> **What is expected**
Leave out the pictures and repeat exactly the lines from the one containing "Description: A costume" through the final line of the listing below.

> **The data**
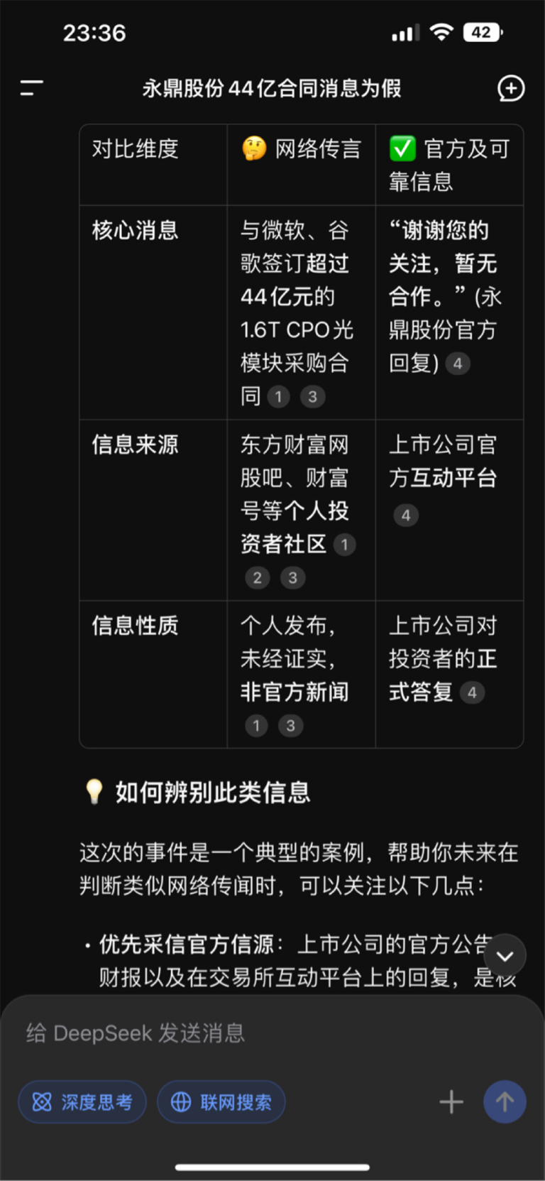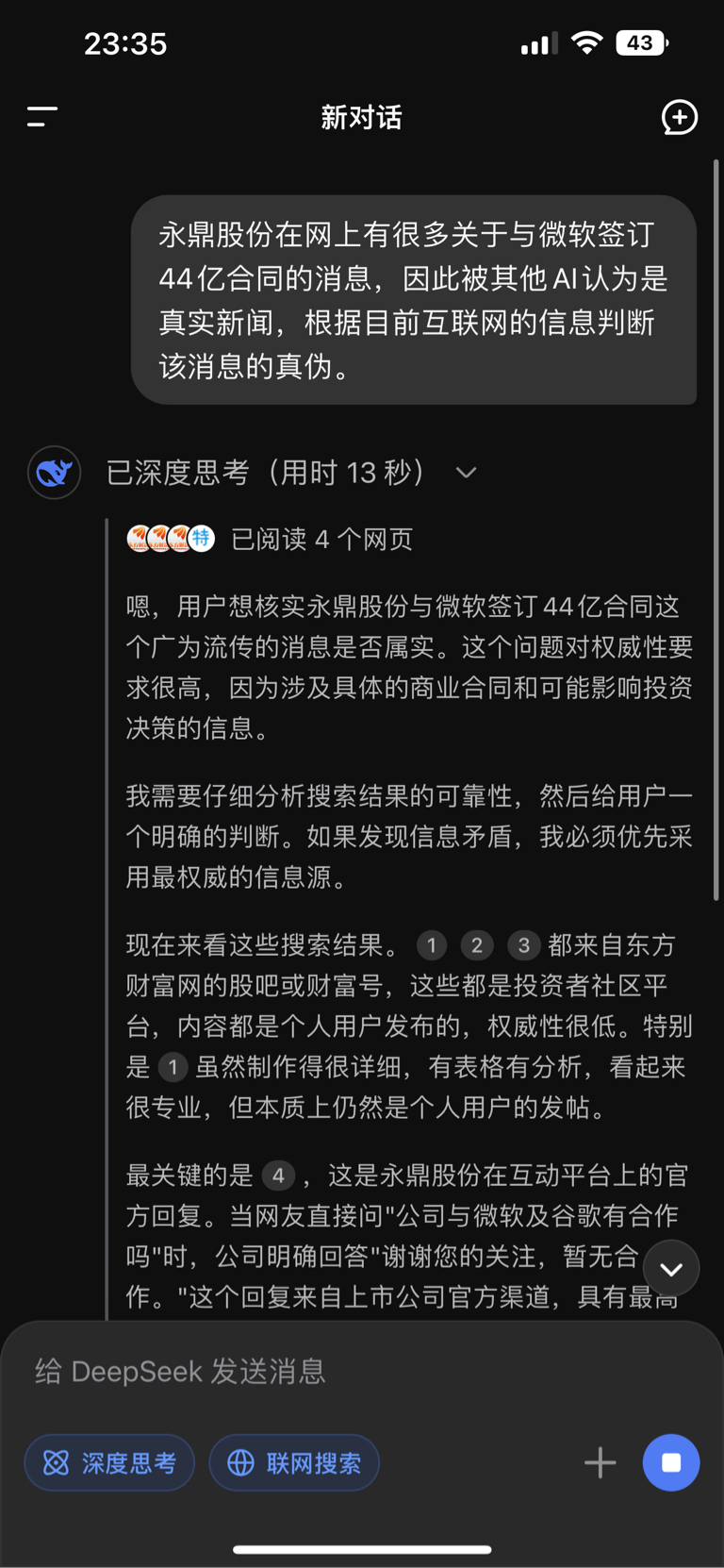 $永鼎股份(SH600105)$ 今天部分精神股东们纷纷质疑永鼎股份与微软44亿合同为什么不计入报表,另一部分股东们认为是豆包被喂了数据,现在就让我们玩一个花活,用deepseek来分析豆包说的这件事,不出所料deepseek赢了。可以给你们的争论盖棺定论了不
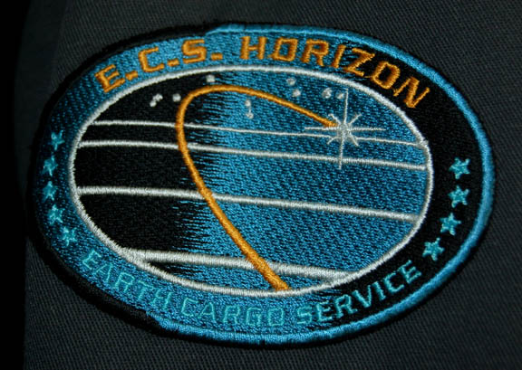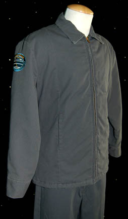 Description: A costume featured in the Star Trek: Enterprise episode “Horizon”. The costume is a set of gray Dickies brand trousers and a matching jacket with a zippered front and a sewn on “E.C.S. Horizon” assignment patch on the right shoulder. The costume features sewn in Enterprise tags.
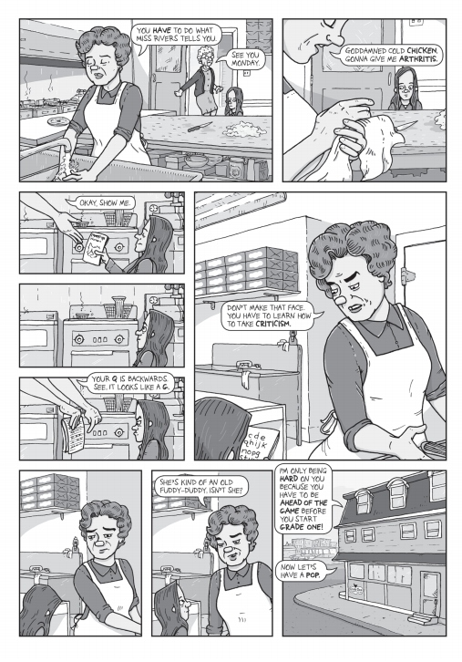 Throughout Chicken Rising, there are several competing emotional themes. One is that Boyd was a strong-willed child who bucked against authority. She had a well-formed sense of justice and often felt she's the aggrieved party but was never believed. At the same time, she spent most of her time with her parents and wanted nothing more than to please them. Her mother belittled Boyd's choices for careers and simultaneously criticized her for not having any friends while later criticizing the friends she made. Her mom encouraged her to not be shy while warning her against any activity with the slightest bit of danger, like riding a bicycle. Boyd shows all this with no retrospective narrative captions emphasizing this behavior; instead, she simply lets it unfold over time and slowly lets the reader in on her life and its general weirdness.

> **Exercise solution**
 Description: A costume featured in the Star Trek: Enterprise episode “Horizon”. The costume is a set of gray Dickies brand trousers and a matching jacket with a zippered front and a sewn on “E.C.S. Horizon” assignment patch on the right shoulder. The costume features sewn in Enterprise tags.
 Throughout Chicken Rising, there are several competing emotional themes. One is that Boyd was a strong-willed child who bucked against authority. She had a well-formed sense of justice and often felt she's the aggrieved party but was never believed. At the same time, she spent most of her time with her parents and wanted nothing more than to please them. Her mother belittled Boyd's choices for careers and simultaneously criticized her for not having any friends while later criticizing the friends she made. Her mom encouraged her to not be shy while warning her against any activity with the slightest bit of danger, like riding a bicycle. Boyd shows all this with no retrospective narrative captions emphasizing this behavior; instead, she simply lets it unfold over time and slowly lets the reader in on her life and its general weirdness.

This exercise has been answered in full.